**Description of the task:**
As you print the data below, keep every line exactly as it is and leave the images behind.

BEGIN Dataset content

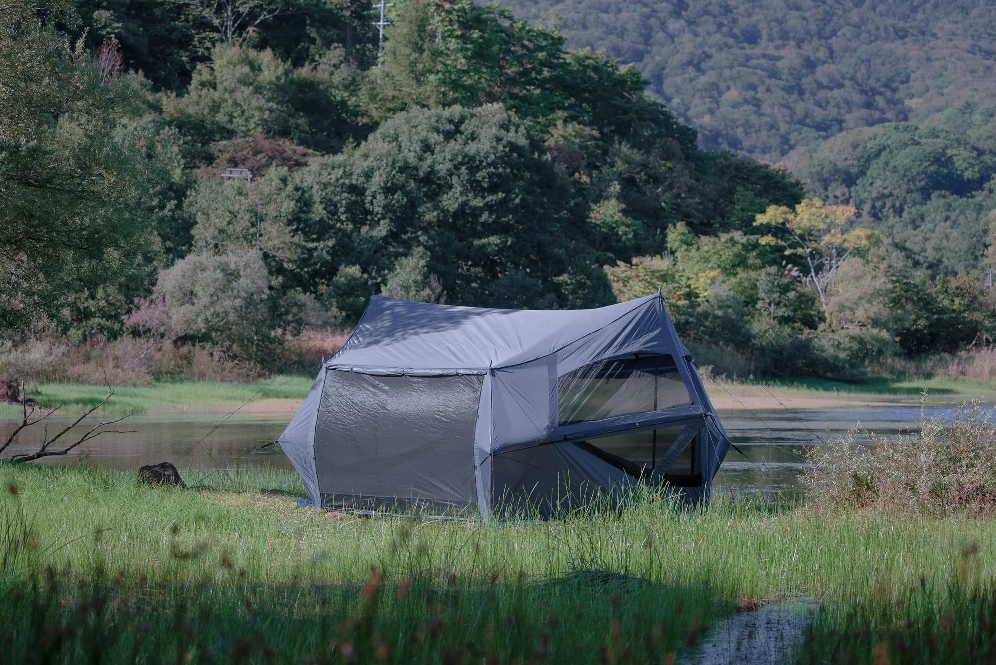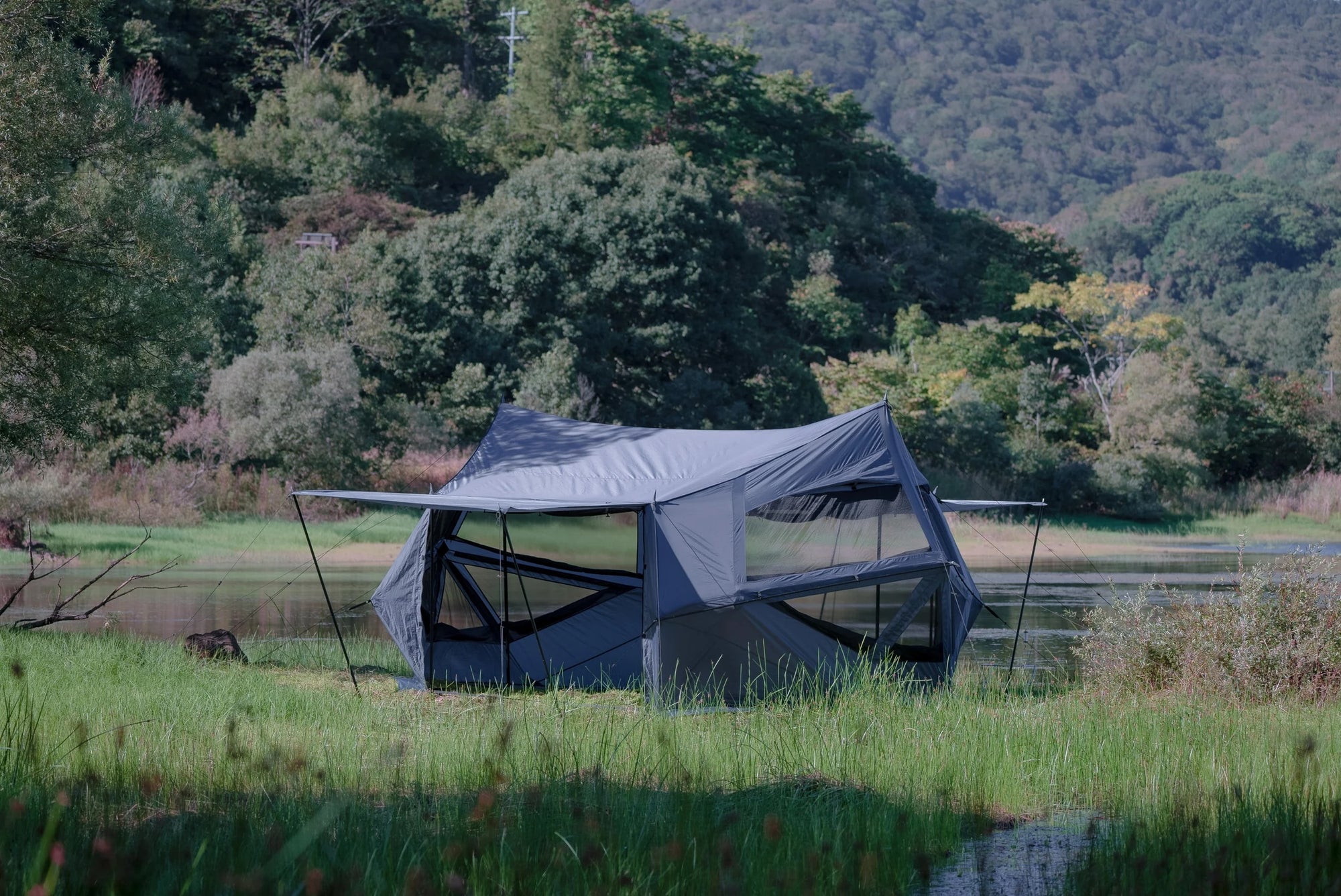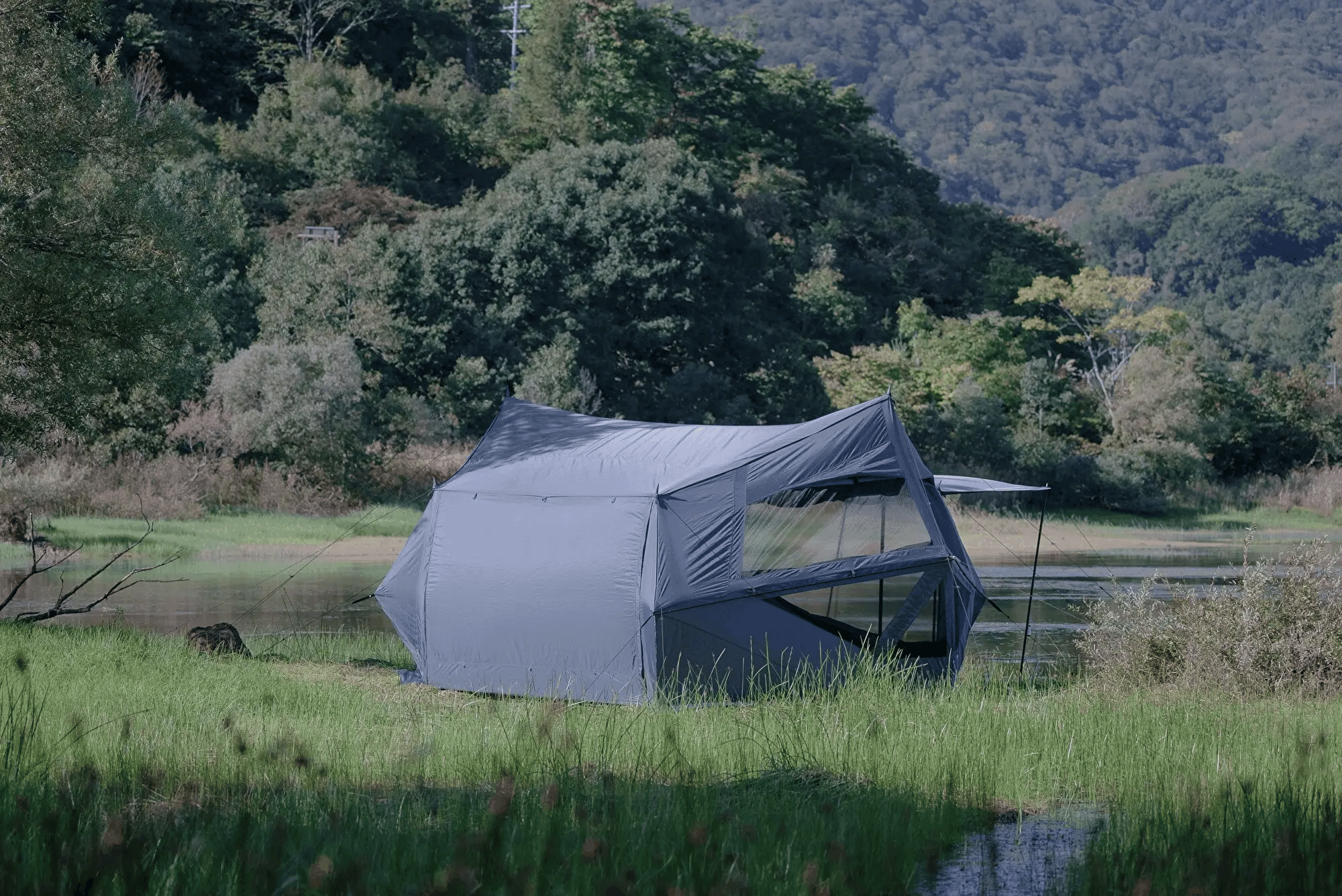 The TOKYO CRAFTS GRAHUS Shelter blends architectural form with functional design. High ceilings, outward-flared sides, and large windows create a spacious interior that feels open and connected to its surroundings. Built with durable materials, tested wind resistance, and practical details like adjustable panels, ventilation points, and an inner roof, the GRAHUS is designed for group camping in all seasons.
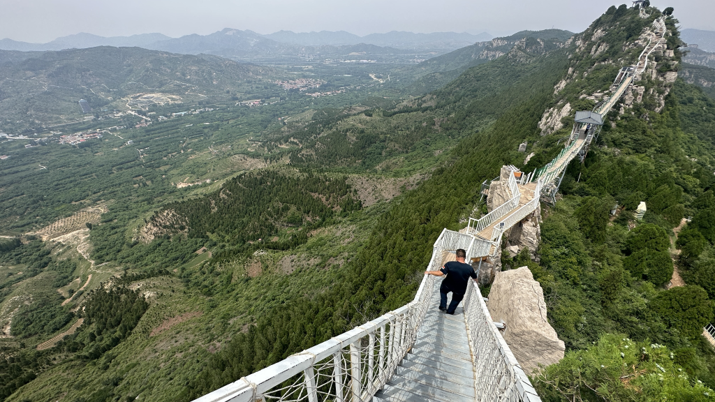 沿架設(shè)在山脊的棧道拾級而上,來到山東省濟南市長清區(qū)萬德街道靈巖村景區(qū)的制高點,陣陣松濤洗盡夏日的燥熱。放眼遠眺,藍天白云和郁郁蔥蔥的群山在視野盡頭相融,靈巖寺景區(qū)和村里的一眾游樂設(shè)施盡收眼底。
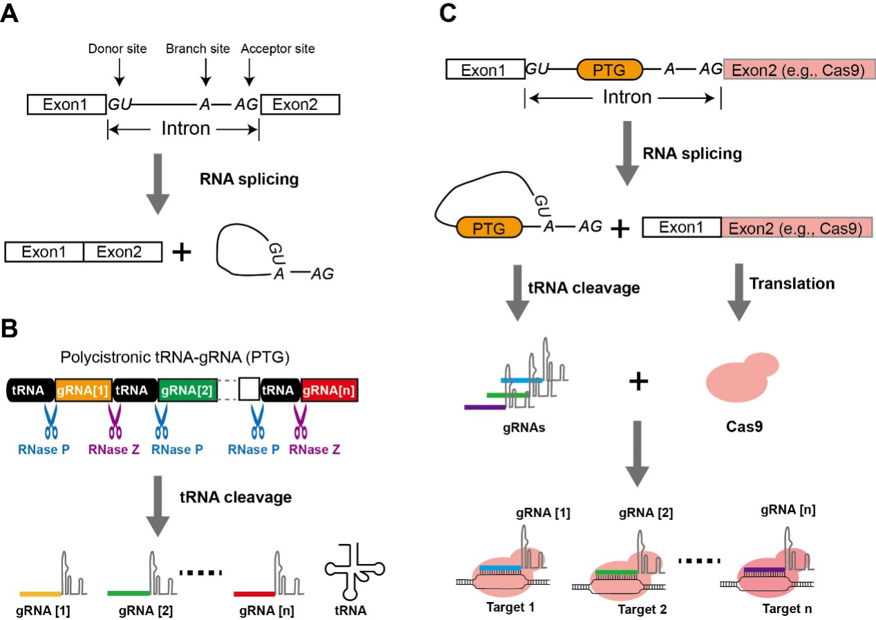 The Genome Editing technique based on the CRISPR-Cas9 is not only regarded as the revolutionary technique of the life science in these years but also one of the most intense fields in science research. As to the gRNA and Cas9, which is used to express the CRISPR-Cas9 technique more efficiently in organisms, Kabin Xie’s research group has borrowed the intron shearing system and tRNA processing system cleverly to transform the introns into the expression platform of the gRNA. Going step further by mixing intron and Cas9 together into one gene, they achieved the coordinated expression of Cas9 and gRNA.

END Dataset content

**Result of the task:**
 The TOKYO CRAFTS GRAHUS Shelter blends architectural form with functional design. High ceilings, outward-flared sides, and large windows create a spacious interior that feels open and connected to its surroundings. Built with durable materials, tested wind resistance, and practical details like adjustable panels, ventilation points, and an inner roof, the GRAHUS is designed for group camping in all seasons.
 沿架設(shè)在山脊的棧道拾級而上,來到山東省濟南市長清區(qū)萬德街道靈巖村景區(qū)的制高點,陣陣松濤洗盡夏日的燥熱。放眼遠眺,藍天白云和郁郁蔥蔥的群山在視野盡頭相融,靈巖寺景區(qū)和村里的一眾游樂設(shè)施盡收眼底。
 The Genome Editing technique based on the CRISPR-Cas9 is not only regarded as the revolutionary technique of the life science in these years but also one of the most intense fields in science research. As to the gRNA and Cas9, which is used to express the CRISPR-Cas9 technique more efficiently in organisms, Kabin Xie’s research group has borrowed the intron shearing system and tRNA processing system cleverly to transform the introns into the expression platform of the gRNA. Going step further by mixing intron and Cas9 together into one gene, they achieved the coordinated expression of Cas9 and gRNA.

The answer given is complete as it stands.